Dinsdag 11 en 18/5, 21.10 – Canvas

24.916 Joden werden tussen 1942 en 1944 vanuit België naar Auschwitz gedeporteerd, slechts 1206 van hen keerden terug. Natuurlijk zaten de nazi’s achter de vervolging, al konden ze wel op de steun van bepaalde Belgische overheden rekenen. De bioscoopdocumentaire Modus Operandi, die Antwerps burgervader Patrick Janssens ertoe aanzette de Joodse gemeenschap zijn excuses aan te bieden, beschrijft die Belgische Endlösung. ‘En de docu gaat daarbij geen taboes uit de weg’, vertelt regisseur Hugues Lanneau. ‘De autoriteiten speelden tijdens de bezetting vaak een dubbele rol. Hun betrokkenheid ging van absolute weerstand tot onbewuste of vrijwillige collaboratie.’

Hoe gingen de nazi’s precies te werk?

Hugues Lanneau: Het begon met een verordening in oktober 1940 die de Belgische Joden verplichtte om zich in een speciaal register in te schrijven. Vanaf juni 1942 moesten ze dan een gele davidster dragen, die ze nota bene zelf dienden te kopen. Op hetzelfde moment startten de Duitsers met de deportaties: de Joden moesten zich melden in de Mechelse Dossinkazerne. Op 4 augustus 1942 vorderden de nazi’s passagierswagons van de Belgische spoorwegen en spoorde de eerste trein richting Auschwitz. Telkens als ze een duizendtal Joden hadden verzameld, vertrok er een konvooi.

Welke rol speelde de Belgische overheid daarin?

Lanneau: Eind 1941 verplichtte de Belgische overheid – weliswaar onder druk van de bezetter – alle Joden in het land om lid te worden van de Vereniging van Joden in België, tegen betaling om die organisatie te financieren. Zo wilde de overheid hulp bieden aan verarmde Belgische Joden. De organisatie had echter ook een keerzijde: ze stelde lijsten op met exacte informatie over haar leden, waaronder woonplaats, beroep en geboortedatum. Twee jaar later werden die gebruikt bij de razzia’s die tot de Endlösung leidden.

Werkten de Belgische overheden actief mee aan die razzia’s?

Lanneau: Sommige wel, zoals het Antwerpse stadsbestuur. Aanvankelijk hielp het de bezetter enkel door straten en wijken af te sluiten, maar op 28 augustus 1942 liet het geheel op eigen initiatief 1243 Joden oppakken. Een zwarte bladzijde in de geschiedenis van Antwerpen. Brussel daarentegen verbood zijn politieagenten om aan de razzia’s deel te nemen. Bovendien leefden naar schatting tussen de vijf- en de tienduizend Joodse Belgen ondergedoken bij Belgische gezinnen.

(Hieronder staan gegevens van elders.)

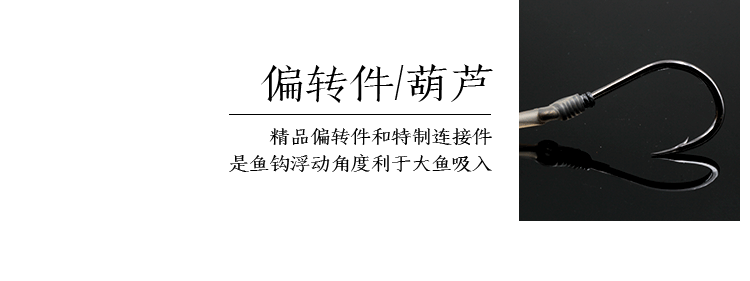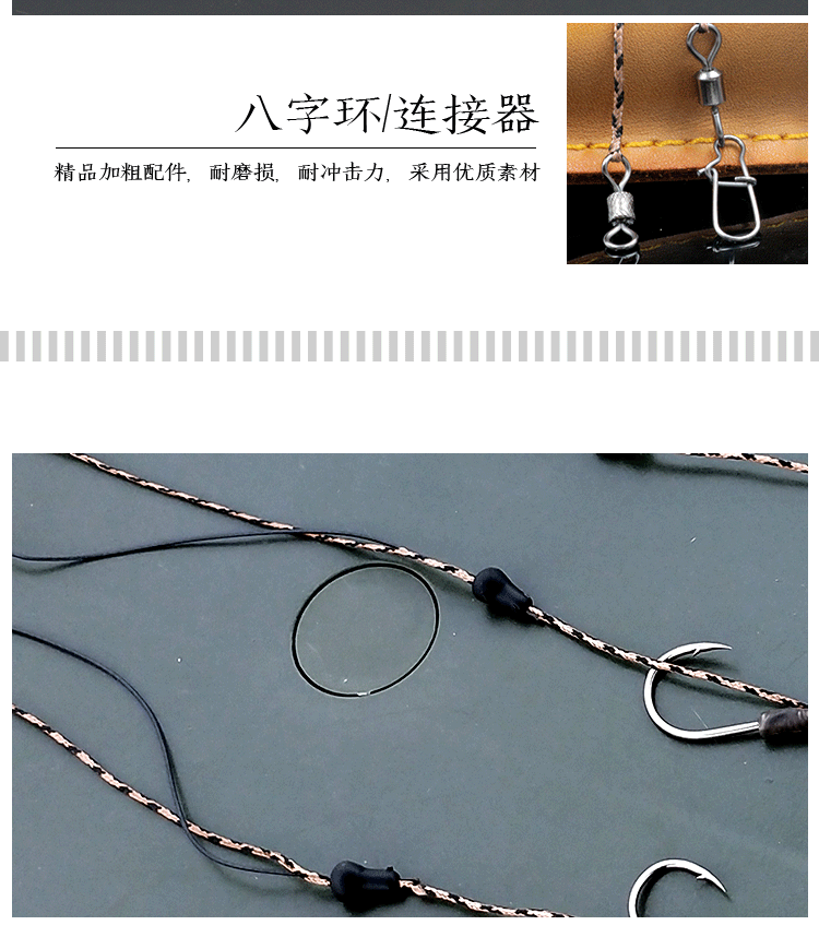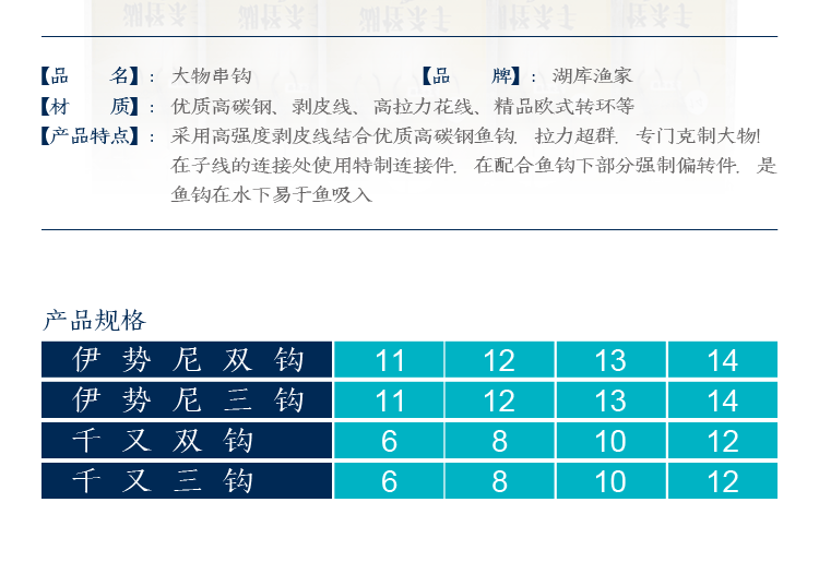 友情提示:湖库巨物串钩鱼钩选用BKK优质出口型伊势尼和千又钩,线材选用欧洲标准塑皮防缠绕编织线,以及多编织隐蔽花线作为主要材料,手工精心制作。我们遵循提倡小钩细线搏大物的理论为基础,因此钓到大鱼时不宜使用暴力进行作合操作,以免伤竿伤线,鱼钩导致鱼钩变形跑鱼。(另:产品我们在湖库中进行过反复测试,淡水大型鱼几十斤测试无问题)

Het is dus zeker geen zwart-witverhaal.

Hoe brengt ‘Modus Operandi’ de deportatie in beeld?

Lanneau: Alle 26 konvooien die vertrokken vanuit de Dossinkazerne met als eindbestemming Auschwitz krijgen een plaats in het verhaal. Per transport reden gemiddeld zo’n duizend mensen de dood tegemoet. Enkelen van de 24.916 weggevoerden krijgen in deze film ook een gezicht aan de hand van fotomateriaal en filmopnames. Zo willen we de kijker duidelijk maken dat die mensen een naam hadden, dat het individuen waren als jij en ik. Die kant van het verhaal is lange tijd onderbelicht gebleven. Maar nu komt daar dus verandering in. En hoewel de getuigenissen hard zijn, hoeft niemand bang te zijn dat er gruwelijke of overdreven emotionele beelden te zien zullen zijn.

Waarom is het zo belangrijk dat er zestig jaar na datum hierover nog films gemaakt worden?

Lanneau: Simpel: wie het verleden niet kent, is gedoemd om het te herleven.